(WHAT IS REQUIRED): The records below hold a stretch from the line with "Tourists go sightseeing" through the line with "Product Name: 2020"; return exactly those lines, ends included, and nothing more.

(EXTRACTED MATERIAL):
•••••

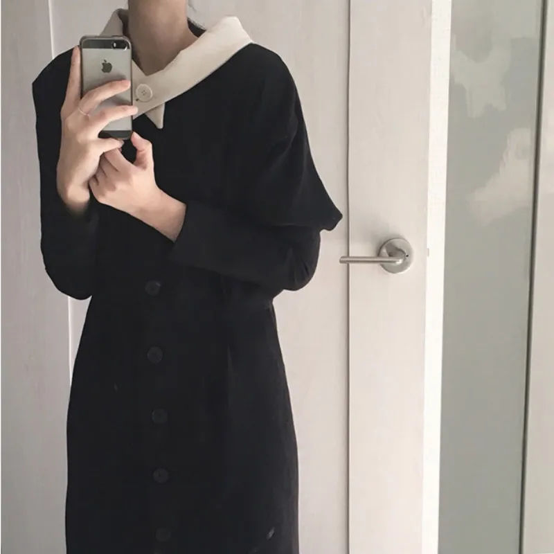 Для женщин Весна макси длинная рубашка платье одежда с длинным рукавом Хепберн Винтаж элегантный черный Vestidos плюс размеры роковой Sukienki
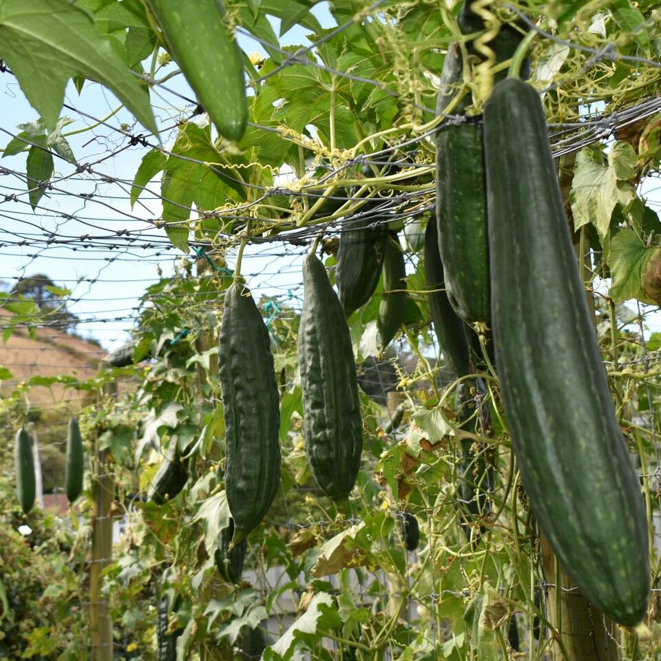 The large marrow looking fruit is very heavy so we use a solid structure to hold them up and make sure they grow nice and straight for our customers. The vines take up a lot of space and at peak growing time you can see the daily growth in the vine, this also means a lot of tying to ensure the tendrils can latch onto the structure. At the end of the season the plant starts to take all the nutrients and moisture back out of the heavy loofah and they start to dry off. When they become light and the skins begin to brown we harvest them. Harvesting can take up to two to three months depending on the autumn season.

•••••

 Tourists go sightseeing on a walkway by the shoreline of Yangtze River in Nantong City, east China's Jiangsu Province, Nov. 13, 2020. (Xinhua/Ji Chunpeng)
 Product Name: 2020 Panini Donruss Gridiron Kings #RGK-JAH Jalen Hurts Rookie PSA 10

•••••

(SOLUTION FOR THIS PROBLEM):
 Tourists go sightseeing on a walkway by the shoreline of Yangtze River in Nantong City, east China's Jiangsu Province, Nov. 13, 2020. (Xinhua/Ji Chunpeng)
 Product Name: 2020 Panini Donruss Gridiron Kings #RGK-JAH Jalen Hurts Rookie PSA 10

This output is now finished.